After talking all this over with the vendor they’ve recommended a Riello NPW 1.5kVA which is listed as fully supported by nut. They are taking the APC units back for a full refund; the Riello is about £30 more expensive.

9 thoughts on “I don’t think the cheapest APC Back-UPS units can be monitored except in Windows

  1. I have very old (15+ years) chinese UPS (branded Ippon, it is big name in Russia) which works perfectly (with QX protocol), and new one (about 2 years old) from same brend which flickers an unusable wis nut…

    Looks like it is some common theme for cheap UPSes now.

  2. My solution, for a Cyberpower vp1200eilcd was a udev rule to turn off auto suspend when connected.
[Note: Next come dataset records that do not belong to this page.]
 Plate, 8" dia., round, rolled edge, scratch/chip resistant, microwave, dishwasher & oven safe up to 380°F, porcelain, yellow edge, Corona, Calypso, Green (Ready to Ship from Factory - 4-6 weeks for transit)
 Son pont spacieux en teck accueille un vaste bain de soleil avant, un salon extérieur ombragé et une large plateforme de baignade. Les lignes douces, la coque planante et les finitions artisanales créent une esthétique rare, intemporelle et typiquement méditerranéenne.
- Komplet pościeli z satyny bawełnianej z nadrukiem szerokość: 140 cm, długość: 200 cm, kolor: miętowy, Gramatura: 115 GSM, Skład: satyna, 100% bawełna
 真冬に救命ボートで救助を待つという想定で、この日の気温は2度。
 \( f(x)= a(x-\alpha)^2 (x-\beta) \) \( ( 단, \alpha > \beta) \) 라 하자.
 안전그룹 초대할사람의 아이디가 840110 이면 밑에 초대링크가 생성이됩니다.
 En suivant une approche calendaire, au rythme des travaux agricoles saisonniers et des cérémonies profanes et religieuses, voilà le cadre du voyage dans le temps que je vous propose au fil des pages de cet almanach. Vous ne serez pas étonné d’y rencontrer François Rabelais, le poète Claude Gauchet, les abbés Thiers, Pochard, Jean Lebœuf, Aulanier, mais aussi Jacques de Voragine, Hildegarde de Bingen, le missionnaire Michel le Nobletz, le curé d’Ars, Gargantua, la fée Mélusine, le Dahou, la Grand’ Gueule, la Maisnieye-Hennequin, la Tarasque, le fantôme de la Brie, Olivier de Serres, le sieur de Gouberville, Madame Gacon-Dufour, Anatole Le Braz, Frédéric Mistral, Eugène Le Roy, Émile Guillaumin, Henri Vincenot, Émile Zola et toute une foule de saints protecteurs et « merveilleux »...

Mine also had constant disconnects before:

    SUBSYSTEM==”usb”, ATTR{idVendor}==”0764″, ATTR{idProduct}==”0501″, GROUP=”nut”, ATTR{power/autosuspend}=”-1″

    1. Hmm, that’s interesting!

      $ cat /sys/bus/usb/devices/4-5/power/autosuspend

      I’ll give that a go, thanks.

      $ echo ‘-1’ | sudo tee /sys/bus/usb/devices/4-5/power/autosuspend
      $ cat /sys/bus/usb/devices/4-5/power/autosuspend


      Nope, doesn’t help:

      2024-02-24T20:44:55.040442+00:00 specialbrew systemd[1]: Started UPS power management daemon.
      2024-02-24T20:46:51.756684+00:00 specialbrew apcupsd[23281]: Battery disconnected.
      2024-02-24T20:46:52.725564+00:00 specialbrew apcupsd[23281]: Battery reattached.

    1. When I looked it up in nut’s hardware compat list it said in yellow with three out of five stars, “based on publicly available protocol”. I foolishly thought this would be good enough. Hopefully by talking about it, nobody else will make the same mistake as me.

  3. FWIW, BX1200MI works for me on Linux with apcupsd without any issues. apcaccess reports firmware 294201G -302201G.

    1. That’s interesting! I’ve uninstalled apcupsd everywhere now and am using nut. I can’t seem to find a way to show UPS firmware from nut. I do still have the APC as I don’t think it’s totally a lost cause.

      I would say that the other person on the apcupsd mailing list who said they were seeing the same said that they had working BX1600MI before and it’s only the newer replacements that are behaving this way, while still being the same model number.

      Also here is someone with a BX1200MI who is seeing the same thing too: https://github.com/networkupstools/nut/issues/2347#issuecomment-1976005631

      I would have some concern about replacing your BX1200MI in case the same thing starts happening to you.

      1. Yeah, I bought it a couple of years ago, in 2021.

        > I can’t seem to find a way to show UPS firmware from nut.

        dmesg also shows the firmware version on connect.